Nope. The Sunville system still threw random OutOfMemory exceptions.
What gives? I thought GC.Collect() was the magic baseball bat that beat the crap out of everything? If it isn’t, why is it so terrible to use it? Well, the answer is, it is terrible to use. Read Rico’s post and the many other articles on Garbage Collection, if you don't believe me. But in my situation it seems necessary, since we have so many images to process and I don’t want to babysit every instance of the application. I still had the problem, though. Why wasn’t GC.Collect() working?

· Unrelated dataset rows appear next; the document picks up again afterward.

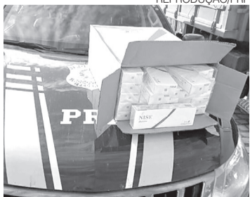
PRF e PM deram prejuízo no crime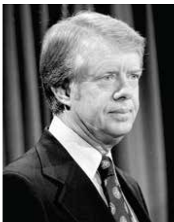
James Earl 'Jimmy' Carter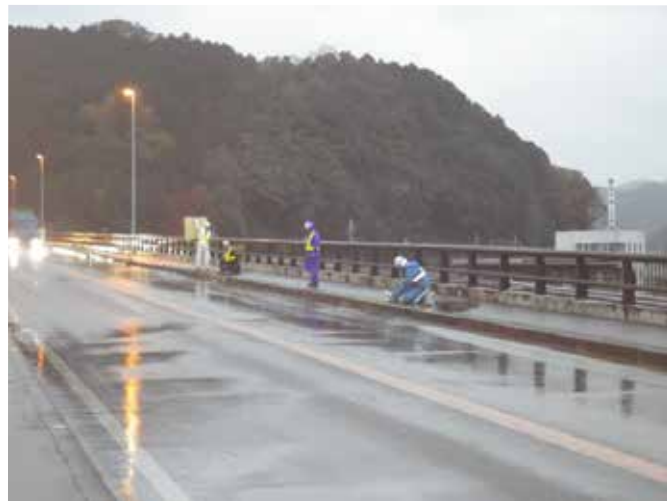
国道9号和田山大橋

今年も国道9号、312号、483号、宮津養父線などで散水融雪設備の点検整備業務を行っています。冬季の道路交通を守る為、確実に業務を遂行します。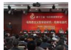
第十三届“马克思主义论坛”在北京大学召开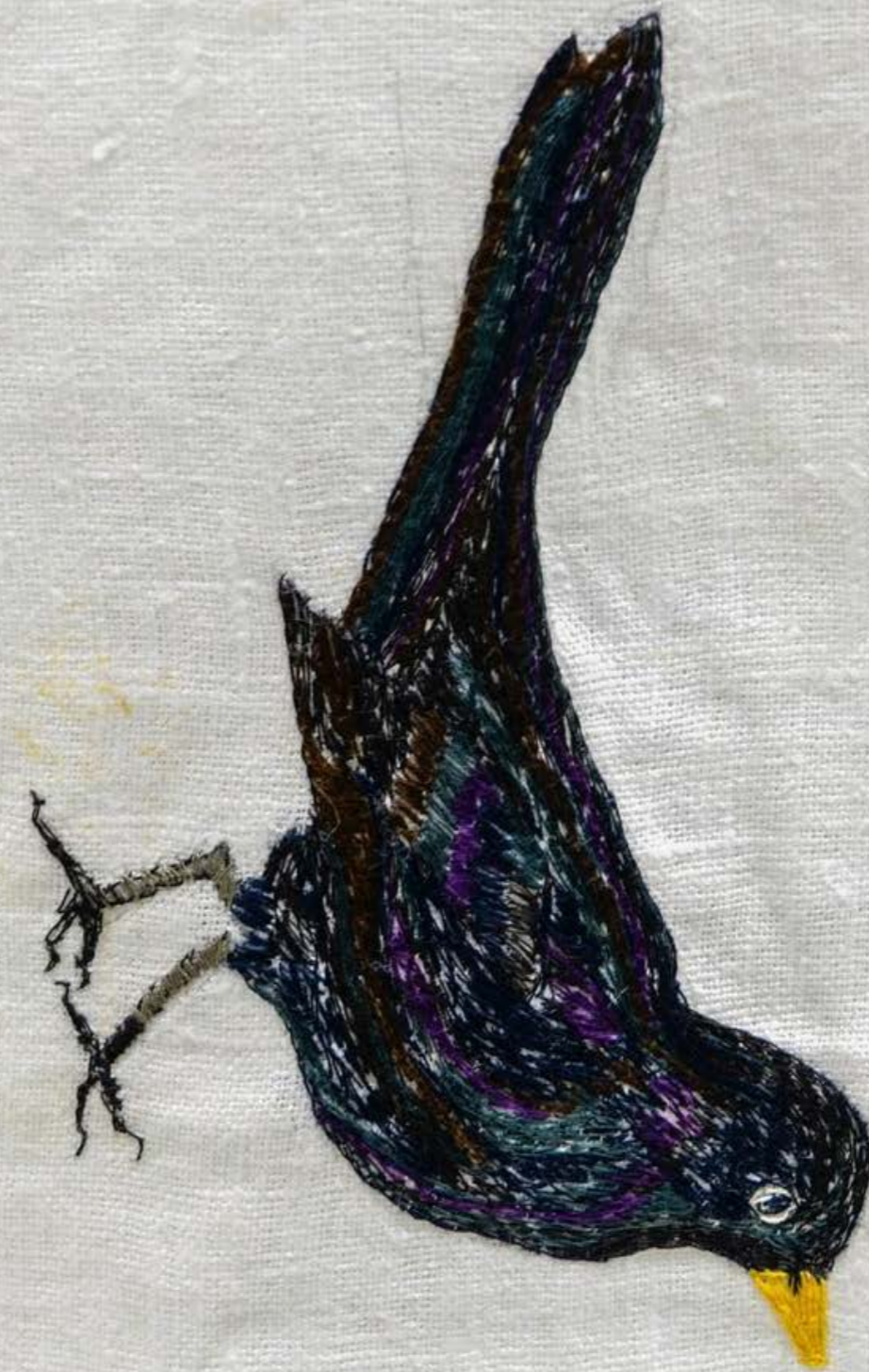
EN SOL, ETT REGN, EN BÅGE. EN HYLLNING TILL ALLA SOM HAR STÅTT UT ATT LEVA FÖRE OSS, 2021 JOAKIM FORSGREN

Gravtäcke med broderade symboler: en sol, ett regn och en regnbåge skapar känsla av en ljus sorg och bjuder till stillsam reflektion över de döda som finns med oss i våra tankar. Runt kanten på textilen finns bilder av olika symboler och bokstäver med årtal, såsom ax, råg, havre och vete, tillsammans med bilder av en koltrast och en gråsparv, samt landskapsblommor. Varje bokstav representerar initialen på en släkting till kvinnan som utförde broderiet. I ett hörn av textilen står orden "Samtal pågår...", vilket symboliserar kontinuitet och samhörighet över generationer.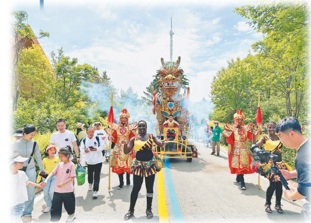
龙沙动植物园花车巡游。

“文旅搭台·经贸唱戏”一直是齐齐哈尔旅游业发展的重要目标之一。在本届旅发大会期间,该市将举办羽绒产业招商引资合作洽谈会、特色旅游商品体验展销、金融专场活动等经贸活动,邀请百余名国内外龙头企业嘉宾走进鹤城、了解鹤城、投资鹤城。开幕式将设有集中签约环节,预计将完成项目签约近40个,签约金额超百亿元,真正实现“办一届大会,兴一座城市”的目标。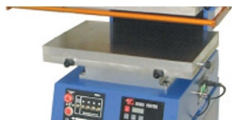
Micro registos de impressão com ajuste na mesa de colocação de peça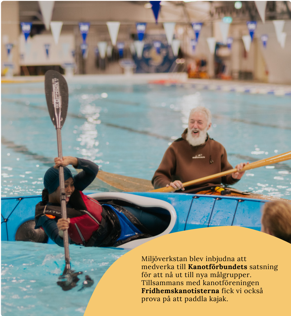
Miljöverkstan blev inbjudna att medverka till Kanotförbundets satsning för att nå ut till nya målgrupper. Tillsammans med kanotföreningen Fridhemskanotisterna fick vi också prova på att paddla kajak.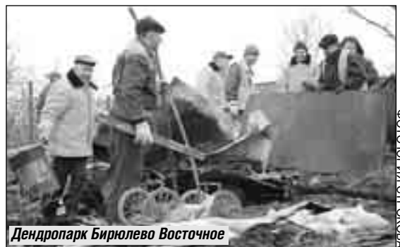
Дендропарк Бирюлево Восточное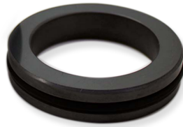
Estacionaria O.M. para medidas en pulgadas INCLUIDA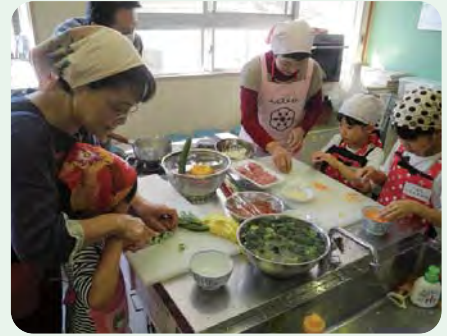
親子でクッキング!

「スタジオ見学の後、今までとは違った目でニュースを見ています。色々な体験ができて楽しい講座でした。」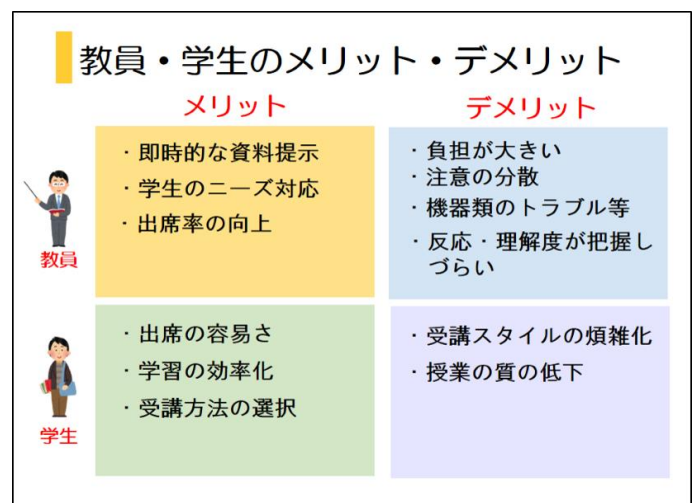
図1 教員・学生におけるハイブリッド授業のメリット・デメリット（文学部FD研修会資料より）

これらの長所と短所の検討結果からハイブリッド授業の特性として次のことがあげられる。それは、対面授業とオンライン授業の両方の授業形態の長所を保持しているということ、ハイブリッド授業は図2のようにオンライン受講と対面受講の2種の受講形態が混在するため、教員は対面とオンラインの2種の場の授業をそれぞれ円滑に進めなければならないという特徴である。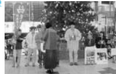
~寒い中、世界の同年代の子ども達の厳しい現状に心を寄せて、大声で募金を呼びかけてくれた皆さん、どうもありがとうございました~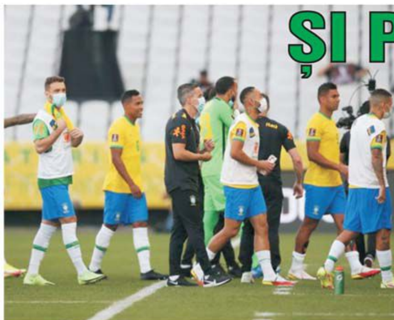
Scena ireală la meciul vedetă din preliminariile CM zona sud-americană Brazilia - Argentina, întrerupt în min. 5 și suspendat după ce poliția sanitară braziliană a venit să scoată din stadion trei jucători argentinieni din motive de COVID 19!

• Concursul Prono-S din 4-5 septembrie, conceput cu partide din preliminariile europene ale CM 2022 din Qatar, a furnizat doar trei câștiguri, unul la categoria a II-a - 5.300 de lei, care a luat drumul Vrancei, și două la a III-a - fiecare a câte 1.320 de lei, toate pe variante jucate "la sfert". În afară de "bomba" explodată la Stockholm, Suedia - Spania 2-1, și surprizele consemnate la Georgia - Kosovo 0-1 și Israel - Austria 5-2 și-au pus amprenta pe omologarea de luni. (E.I.)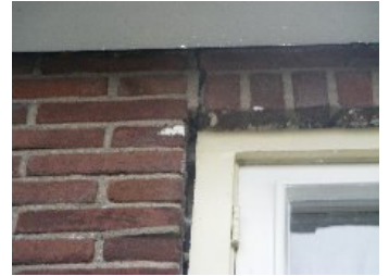
DSCF5136 . jpg

Because I wasn’t using it correctly, that’s why. The client application I wrote was a quick and dirty Windows Forms app, so all of the MODI OCR calls were synchronous. GC.Collect(), on the other hand, is not. However, you can force it to be synchronous by adding one line of code, which I did, and now my application runs wherever I want it to.
1: //THIS IS STILL VERY BAD AND YOU ARE STILL A BAD BOY
2: GC.Collect();
3: GC.WaitForPendingFinalizers();
It’s funny—I can actually see the points when the code execution is sitting on that line. It doesn’t happen often, but it clears up all of my errors. If anyone knows a better way, I would love to hear it. I don’t want to use it, but for this project, I’ve come to believe that forcing garbage collection is a necessary evil.